Like American Beauty, Donnie Darko was an adolescent favorite of my generation that, looking back, was actually caught up in the same moralizing melodrama it was trying to critique.
The liberal backlash against the conservative 1980s was bound to become its own moral majority and produce the conservative counterculture of the current era. the liberals have became the moralizing majority in the last couple decades. This coincides with them ceasing to make good comedy–i.e. the downfall of SNL.
There are funny conservatives now though. When I was growing up it was conservatives that were tone deaf and overly sincere and therefore easy to ridicule. It is strange how that flipped.
The shame is that the liberals still run hollywood and so the quality of the writing has really gone down hill in dramatic film as well recently, especially as they feel the need to moralize everything.
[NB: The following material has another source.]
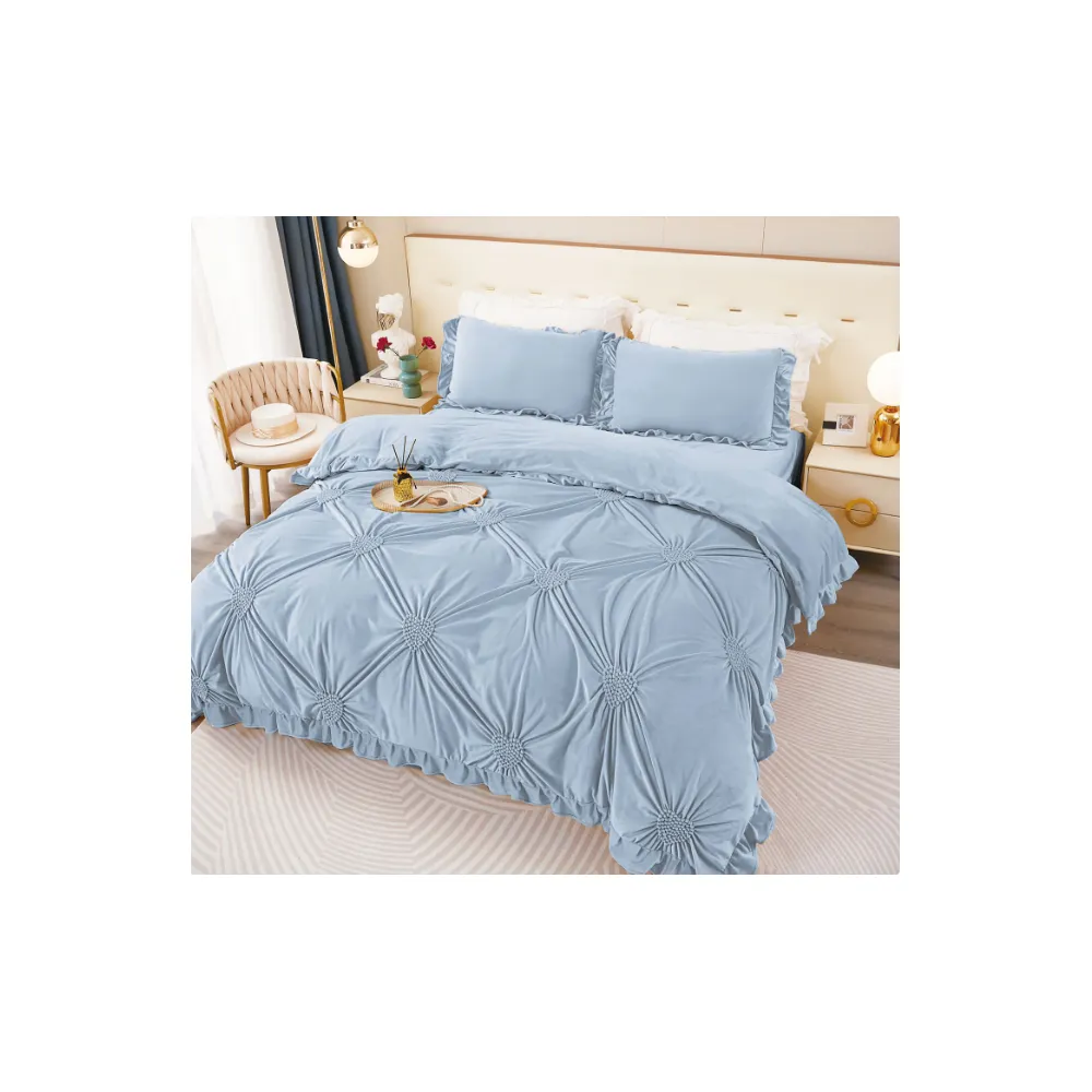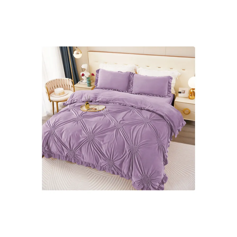 Lenjerie de Pat, 4 0Piese din Catifea, cu Volanase, pentru Pat dublu, Lavanda - FR148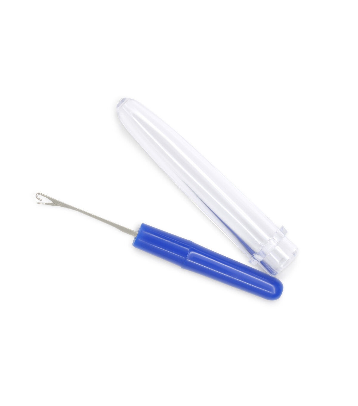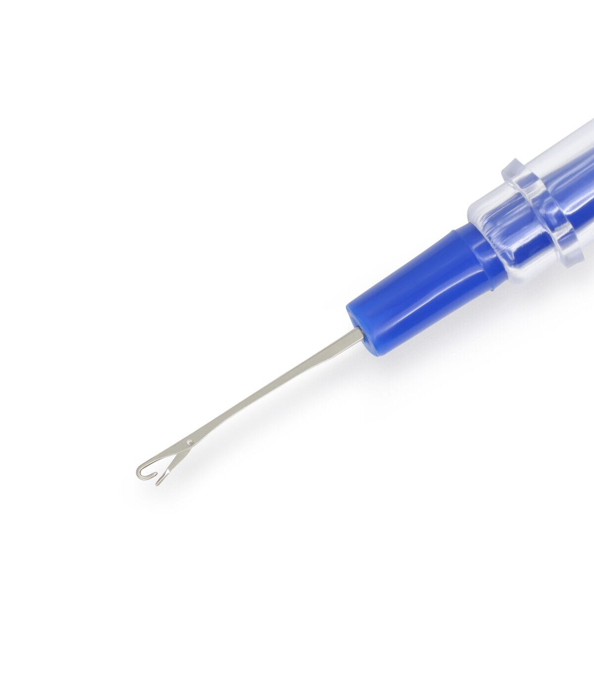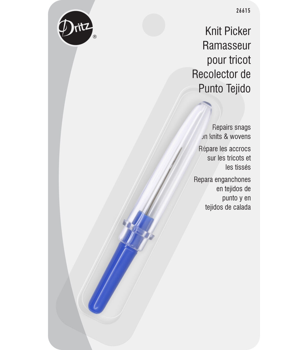 Repair snags on knitted and woven materials with the Dritz Knit Picker. This knit picker is designed with a tiny latch hook that you can use to hook snags, pull them through to the wrong side and fix them. It comes with a clear plastic cap that protects the latch hook tip when not in use.

Two of the most ambitious films the past year were about architecture and the nature of the artistic genius’s role in society, “Megalopolis”, and “The Brutalist”.
Though they are both beautiful films to look at and I have mad respect for Coppola for what he was trying to do, the blatant political preaching really ruined both, especially “the brutalist”, where the message wasn’t even a cheesy triumph of beauty over suffering like in “Megalopolis”, but a celebration of the suffering artist externalizing his pain as a heroic victim. At least that was my take (I hate brutalist architecture).
In any case, we need to be able to both laugh and cry, empathize with suffering and lovingly ridicule weakness. But in the liberal moral universe, tragedy and comedy are impossible and increasingly only the melodrama of not only heroes and victims but only heroic victims remains.